■ Work task
Could the data below be retyped exactly, without its pictures?

BEGIN Data section

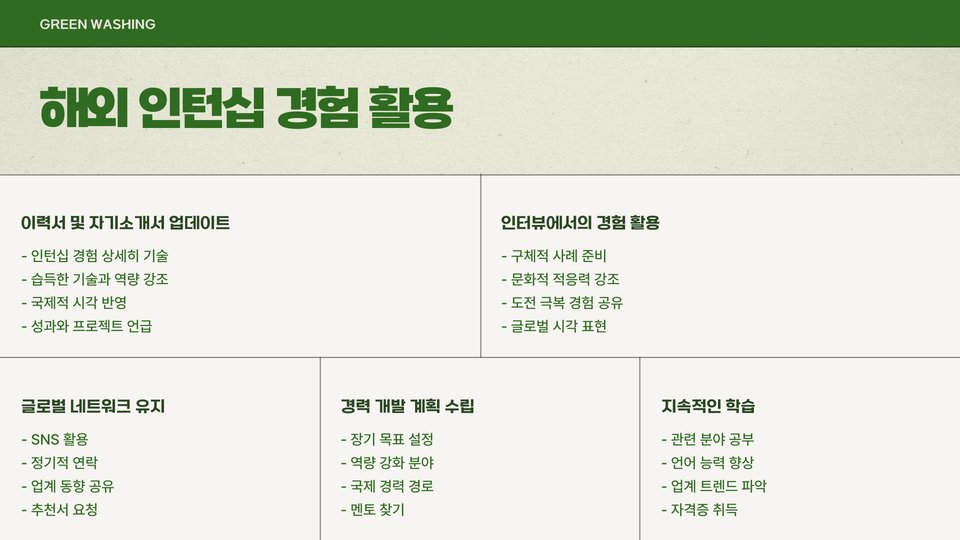 또한, 인턴십 종료 후에도 관계를 유지하며, 향후 추천서나 조언을 받을 수 있는 기회를 만들어 보세요. 이러한 네트워크는 경력 발전에 큰 자산이 될 것입니다.
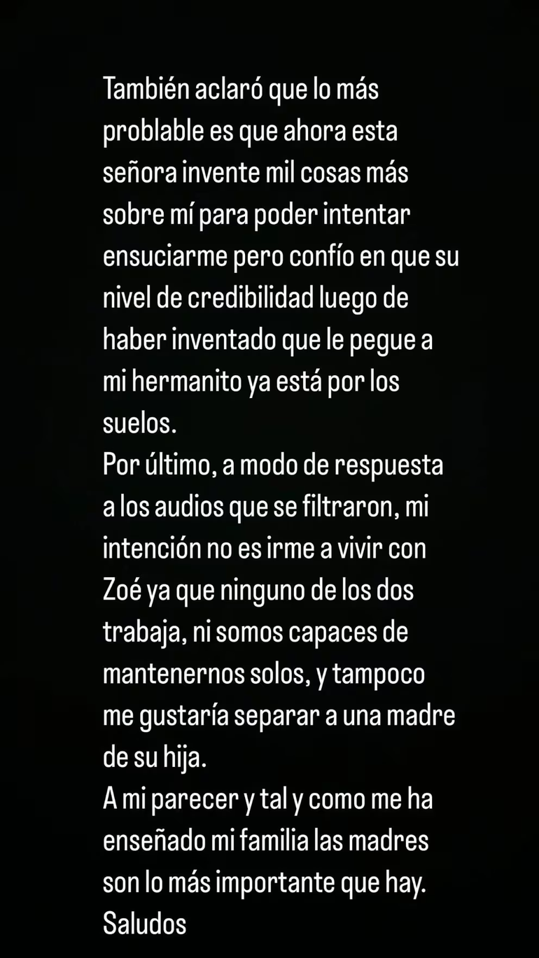 “También aclaro que lo más probable es que ahora esta señora invente mil cosas más sobre mí para poder intentar ensuciarme, pero confío en que su nivel de credibilidad luego de haber inventado que le pegué a mi hermanito ya está por los suelos. Por último, a modo de respuesta a los audios que se filtraron, mi intención no es irme a vivir con Zoe, ya que ninguno de los dos trabaja, ni somos capaces de mantenernos solos, y tampoco me gustaría separar a una madre de su hija. A mi parecer y tal y como me ha enseñado mi familia, las madres son lo más importante que hay. Saludos”, cerró el joven.
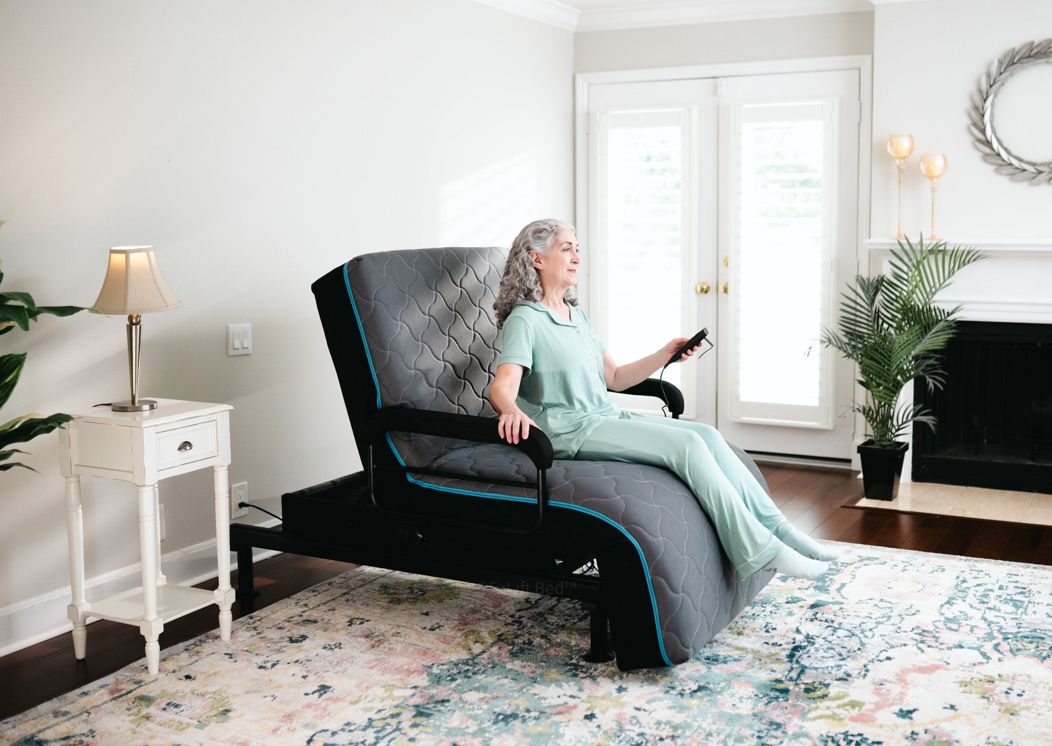 Transform your EZLift Bed™ into a comfortable chair with just the push of a button. This position eliminates the need for additional seating in your room and provides an easy way to sit comfortably while dressing or preparing to stand. It’s a simple solution for enhanced mobility and independence.

END Data section

■ Task solution
 또한, 인턴십 종료 후에도 관계를 유지하며, 향후 추천서나 조언을 받을 수 있는 기회를 만들어 보세요. 이러한 네트워크는 경력 발전에 큰 자산이 될 것입니다.
 “También aclaro que lo más probable es que ahora esta señora invente mil cosas más sobre mí para poder intentar ensuciarme, pero confío en que su nivel de credibilidad luego de haber inventado que le pegué a mi hermanito ya está por los suelos. Por último, a modo de respuesta a los audios que se filtraron, mi intención no es irme a vivir con Zoe, ya que ninguno de los dos trabaja, ni somos capaces de mantenernos solos, y tampoco me gustaría separar a una madre de su hija. A mi parecer y tal y como me ha enseñado mi familia, las madres son lo más importante que hay. Saludos”, cerró el joven.
 Transform your EZLift Bed™ into a comfortable chair with just the push of a button. This position eliminates the need for additional seating in your room and provides an easy way to sit comfortably while dressing or preparing to stand. It’s a simple solution for enhanced mobility and independence.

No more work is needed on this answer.